И незнакомка снова начала горько плакать.
— Приближаясь к городу, в котором моя последняя надежда, страх сжимает сердце. Одна! Как попасть к нему? Как упросить? Как ему объяснить?
— Вы, пожалуй, не верите в Божью защиту ребёнка и вас? — отозвалась Янова.
— О, если бы я в неё не верила, давно бы умерла!
— Вы, моя пани, столько имели доказательств её.
— И столько невзгод.
— Бог посылает крест тем, которых любит, — отвечала Янова, пытаясь хоть как-то рыдающую спутницу утешить.
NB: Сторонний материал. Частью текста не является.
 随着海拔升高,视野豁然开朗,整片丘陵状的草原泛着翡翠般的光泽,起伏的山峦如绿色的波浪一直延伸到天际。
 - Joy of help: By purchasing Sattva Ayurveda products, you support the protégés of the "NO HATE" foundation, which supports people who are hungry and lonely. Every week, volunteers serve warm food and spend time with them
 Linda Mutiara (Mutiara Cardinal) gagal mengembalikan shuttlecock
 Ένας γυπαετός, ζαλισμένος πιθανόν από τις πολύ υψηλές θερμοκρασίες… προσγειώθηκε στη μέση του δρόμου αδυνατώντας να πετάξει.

Но не помогало, она плакала и плакала.
Они въехали в местечко, широкие улицы которого, застроенные жалкими домиками, кое-где новыми более приличными зданиями, были полны грязи. Большой кирпичный постоялый двор возвышался среди рынка, окружённого еврейскими домами, деревянными прилавками, их отворяющиеся наружу створки опирались на вбитый в землю кол. В этих жалких магазинчиках выглядывали белые вуали евреек, сидящих на горшках с золой и углями, чёрные плащи евреев, сгорбленных над книжкой с молитвами, висевшие в окнах разнообразные товары, лежащие для рекламы посуда, плоды и т. п. Дождь лил как из ведра, раздуваемый сильным ветром, деревья гнулись, теряя остаток листвы, оторванной бурей, несколько человек с прикрытой мешком головой, подобранными платьями, вывернутым кожухом, несколько баб с фартуком, наброшенным на волосы, бродило по залитым грязью дорожкам.
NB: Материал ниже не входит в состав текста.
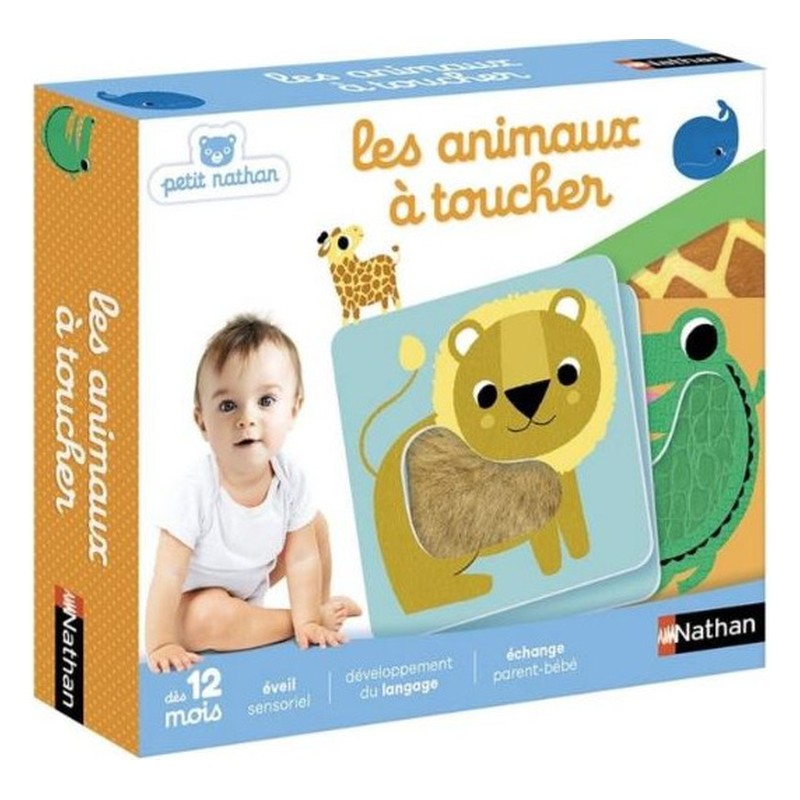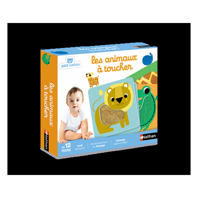 Des expériences sensorielles pour faire découvrir à bébé son environnement. Le petit explorateur pourra toucher, caresser, manipuler. Un jeu à partager avec les parents.Toucher, caresser, manipuler : le bébé découvre les animaux par des expériences multi-sensorielles. Une activité motrice, de mémoire et d’association. Un jeu à partager avec les parents, qui sollicite l’attention conjointe. Contenu 12 grandes cartes (10 x 10 cm) dont 6 avec une matière à toucher.

Справа виден был замок. Незнакомка поглядела на него через шторки и снова начала молиться. Миновали костёл, миновали рынок, возница Мортель несколько раз спросил встреченных евреев и завернул направо в тесную улочку. Но там рыдвану трудно было проехать. Эта часть города имела ещё более грустный и бедный вид.
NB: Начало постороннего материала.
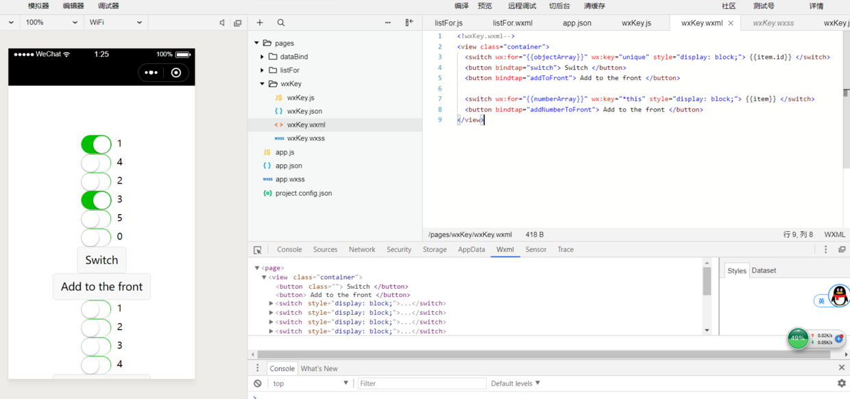 wx:key的高级特性。这个很重要,因为在app上经常有上拉,下拉加载,我们如果不使用这个特性的很可能列表就乱了。源码:https://github.com/limingios/wxProgram.git 中的No.8
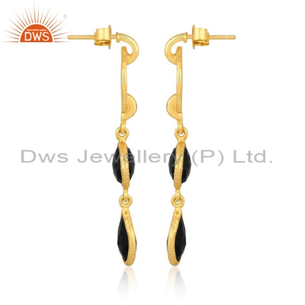 Black Onyx Set Gold On 925 Silver Handmade Textured Earrings
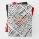 The main design is a collage of the word Uffda using various fonts in black text on white with a larger red text in the centre. The other two papers are a coordinated red & white stripe and black with white polka dots.

Стиснутые еврейские и мещанские домики, изредка огороженные забором, чаще всего почти прижатые друг к другу, соприкасались крышами, стенами, выходили на улицу крылечками; высокие жерди, на которых висела верёвка, соединяющая родственные еврейские дома, поднимались тут и там. Колодцы, грязные глубокие лужи, кучи грязи, навоза, деревьев, строительного материала лежали поперёк этого чёрного закоулка.
Карета иногда попадала по оси в воду, увязала в жидкой грязи. То снова резала мягкую и зыбкую от дождя землю, то поднималась на насыпи соломы и навоза, с которых вдруг спускалась в канавы, ведущие городские сточные воды к замковым рвам.
Нужно было и смирение еврейских коней и совместное внимание еврея и старого слуги, чтобы проехать этот адский кусок дороги, не перевернувшись и не увязнув.
Еврей остановился возле ворот чуть более обширного дома, который отличался развешенными по кругу шкурами и сответствующим запахом кожевенника. Он стоял у воды, с одной стороны на земле, с другой опёртый на густо набитые столбы; у него имелись въездные ворота, крыльцо с неказистой галерейкой; несколько окошек, затянутых частью пузырями, частью стеклом. Разукрашенные в красный цвет ставни с вырезанными сердцами висели, дрожа от ветра, на деревянных грубо сделанных петлях.
Видя останавившуюся у своих дверей карету, кожевенник с засученными по локоть рукавами, с перемазанными краской руками, только в кафтане и ермолке на голове вышел на крыльцо. Увидев его, Мортель слез, подал руку, вошёл в избу, целуя пальцы, прикоснувшиеся к еврейской надписи на дверной раме, и начал о чём-то говорить с хозяином.
Старый слуга тем временем, грустно подперевшись, остался на козлах, с беспримерным терпением перенося бьющий в самые глаза дождь.
— Ну что, Палей?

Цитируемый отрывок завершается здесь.